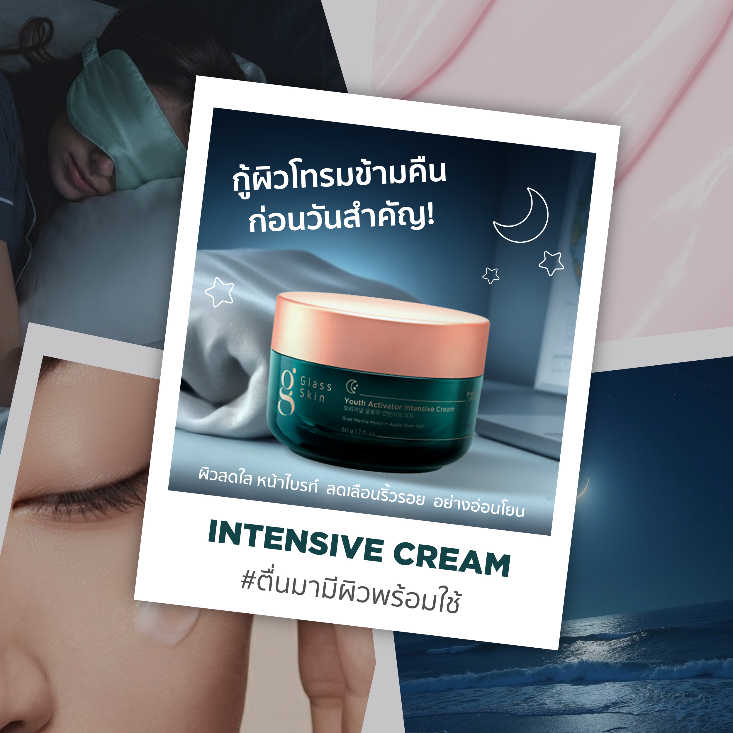 เพื่อผลลัพธ์ผิวสวยข้ามคืนที่สมบูรณ์แบบ เราขอแนะนำ Glass Skin Youth Activator Intensive Cream ไนท์ครีมสูตรเข้มข้นที่ถูกพัฒนามาเพื่อการฟื้นฟูผิวในยามค่ำคืนโดยเฉพาะ ฟื้นฟูผิวที่อ่อนล้าให้กลับมาสดใส หน้าไบรท์
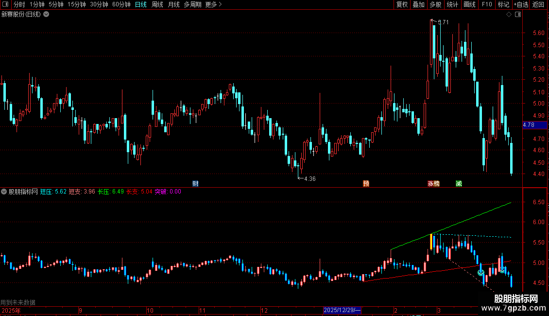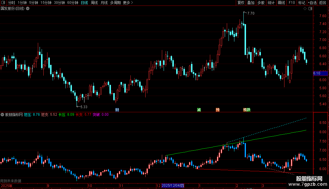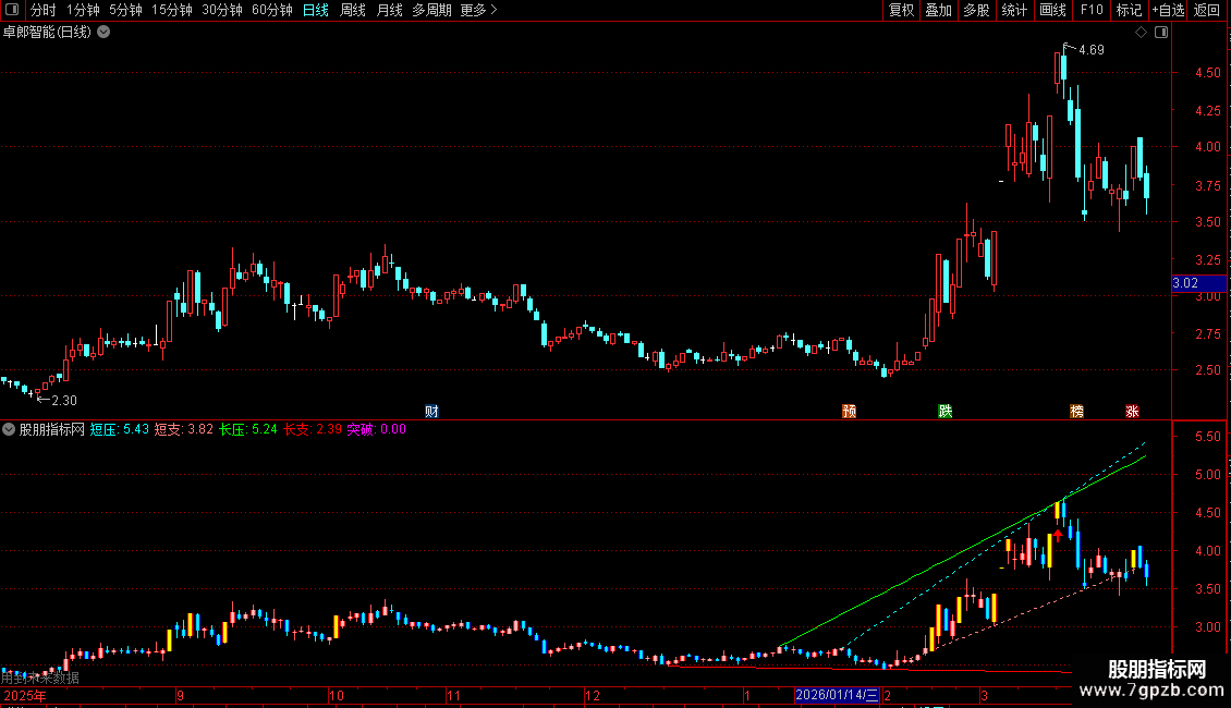 1. 压力与支撑线:自动绘制短期(青色虚线)和长期(绿色/红色实线)的压力与支撑线,分别基于5日和10日周期内的最高/最低价。
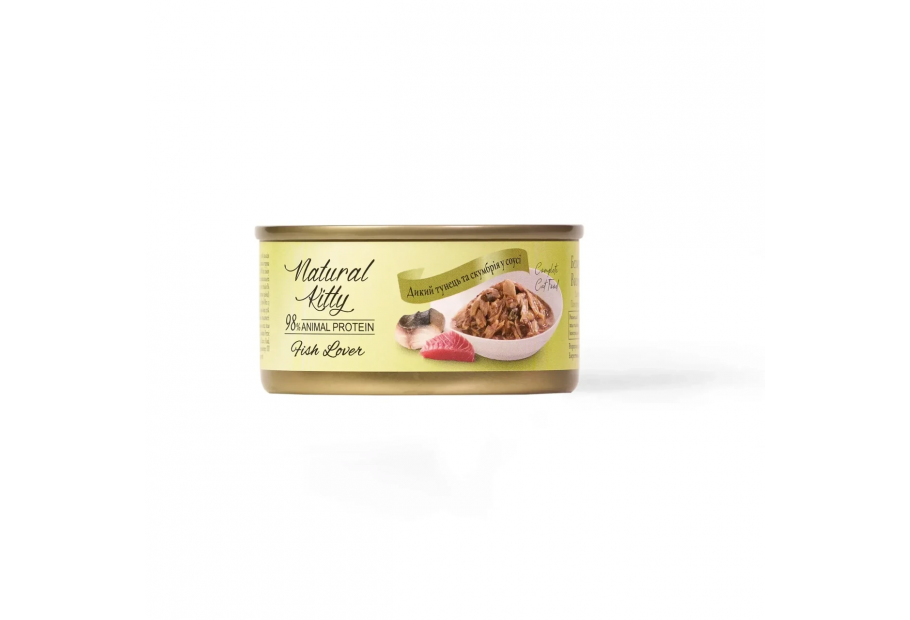 Влажный полнорационный корм для кошек Natural Kitty Meat Lover mackerel and tuna in gravy с диким тунцем и скумбрией в соусе, 70г
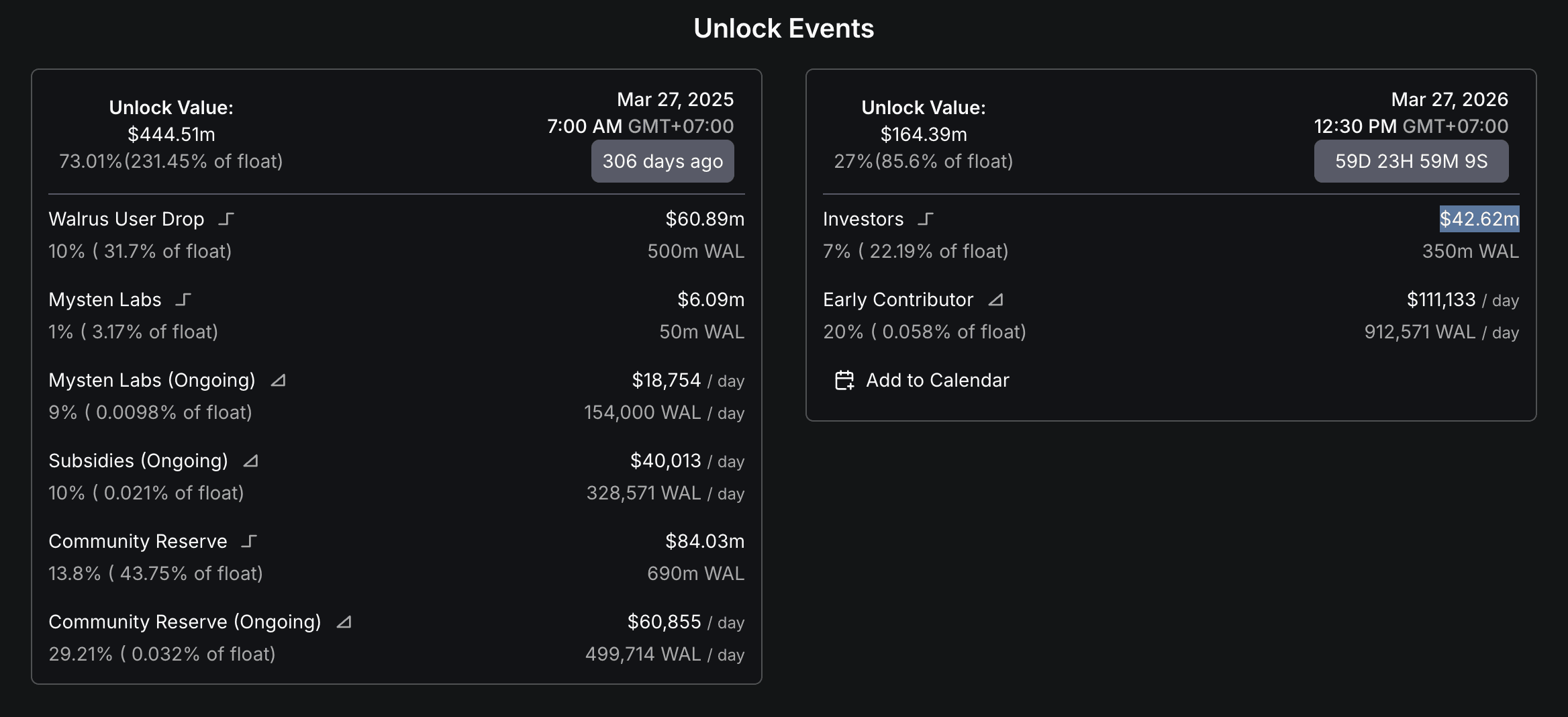 🔥 Потенциал сильного роста цен: Если Sui продолжит активно развиваться (как Grayscale запустит трасты, связанные с протоколами Sui в 2025 году), Walrus получит выгоду от фактического принятия, увеличивая TVL и использование. Тем не менее, предстоящее большое разблокирование 27/3 (350M WAL - ~$42.62m USD) может вызвать сильное падение цен в краткосрочной перспективе – шанс на покупку для держателей с долгосрочной верой!
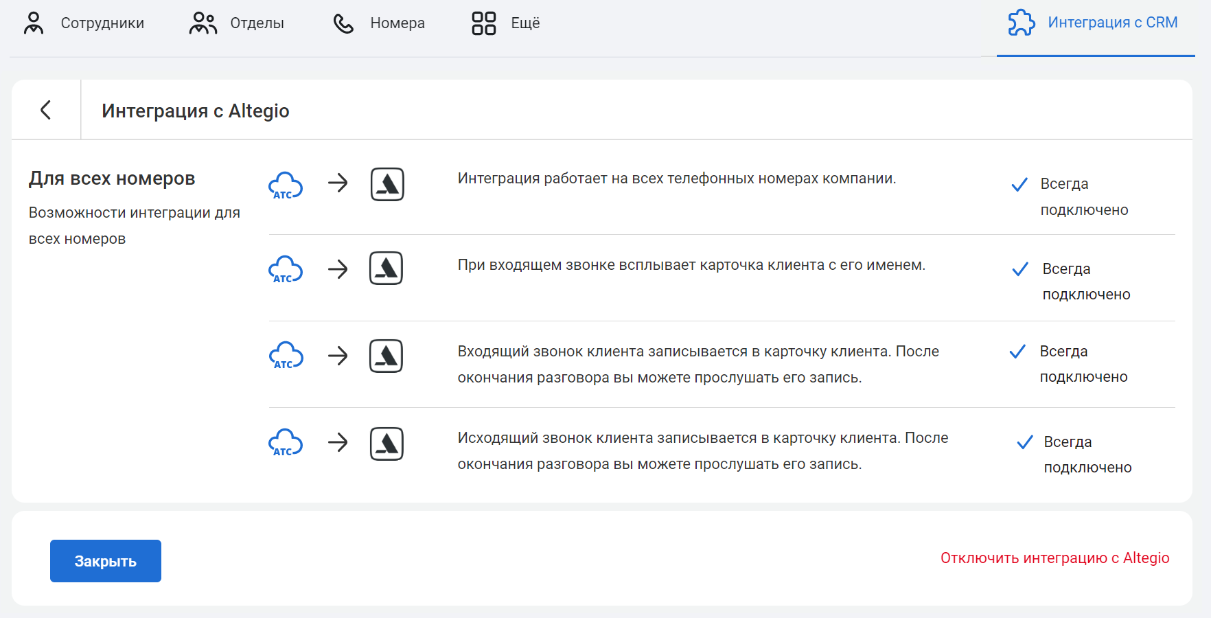 4. В личном кабинете ВАТС вы увидите сообщение «Настройки успешно сохранены». После этого откроются возможности настроенной интеграции. Чтобы закончить настройку, нажмите «Закрыть» внизу экрана.
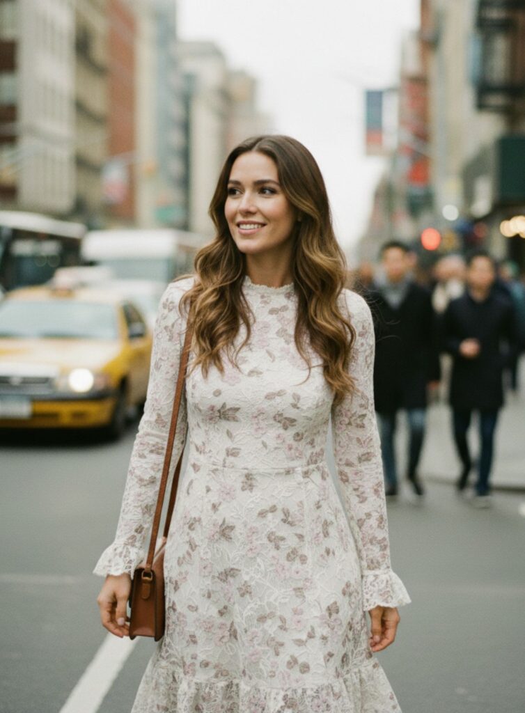 Uma das maiores dúvidas sobre vestidos de renda é como equilibrar o look. A dica é simples: menos é mais. Sandálias neutras, bolsas delicadas e joias discretas deixam o vestido brilhar.
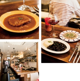 - ◯ナイフがいらないほどやわらかい「トロサ村の伝統料理牛タンの煮込み」(2名¥3,630)、ワイン(グラス¥1,000~)。◯鯛だしで炊いたやさしい味わいのご飯を添えた「イカの墨煮 con アロス」(¥2,970)、常連のリピートが多い「真鰯の酢漬け」(¥1,650)、ワイン(グラス¥1,000~)。◯店内は、カウンター席を中心にテーブル席が1つ。
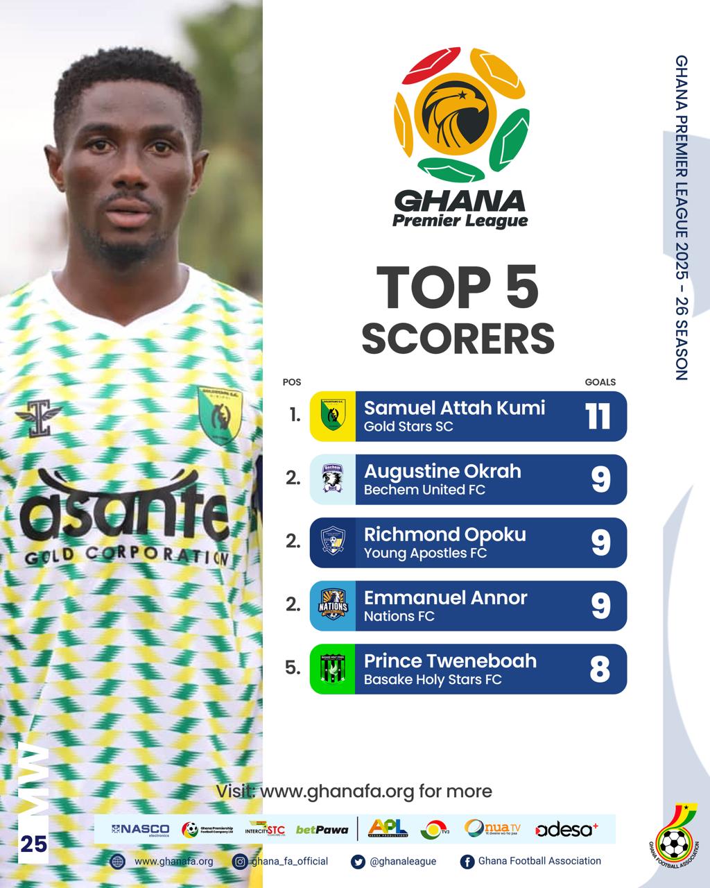 Meanwhile, Samuel Attah Kumi continues to lead the top scorers’ chart with 11 league goals for Bibiani Gold Stars FC this season.
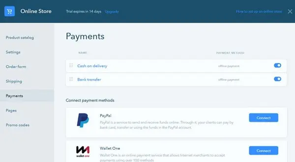 Note that all these online store tools are available only if you upgrade your account to eCommerce.
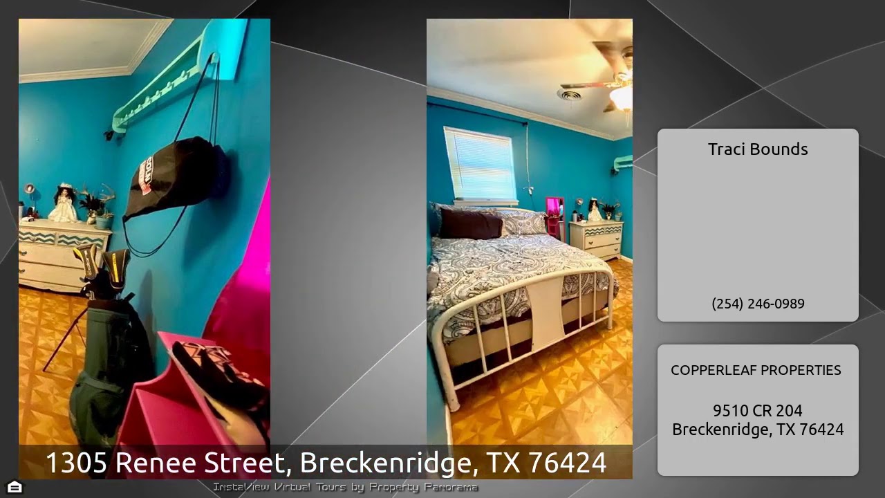 The Virtual Tour for the property at 1305 Renee Street, Breckenridge, TX 76424 listed for $140,000: Other homes for sale by Traci Bounds of COPPERLEAF PROPERTIES: MOVE IN READY 4 bedroom, 1724sqft house in a great neighborhood.Large open concept living and dining area with wood burning fireplace framed with book shelves.Galley kitchen open to dining and living area.French doors on both sides of living room open to the fenced in backyard and hot tub.Hall bath with tile surround and large vanity.Large welcoming entry way offers beautiful cedar wood barn door to 4th bedroom.Laundry room with …

TASK DESCRIPTION.
Pictures should not appear; only the lines from the start of the listing above to the line containing "1. 压力与支撑线:自动绘制", both ends included, are to be repeated exactly.

ANSWER AREA.
 เพื่อผลลัพธ์ผิวสวยข้ามคืนที่สมบูรณ์แบบ เราขอแนะนำ Glass Skin Youth Activator Intensive Cream ไนท์ครีมสูตรเข้มข้นที่ถูกพัฒนามาเพื่อการฟื้นฟูผิวในยามค่ำคืนโดยเฉพาะ ฟื้นฟูผิวที่อ่อนล้าให้กลับมาสดใส หน้าไบรท์
 1. 压力与支撑线:自动绘制短期(青色虚线)和长期(绿色/红色实线)的压力与支撑线,分别基于5日和10日周期内的最高/最低价。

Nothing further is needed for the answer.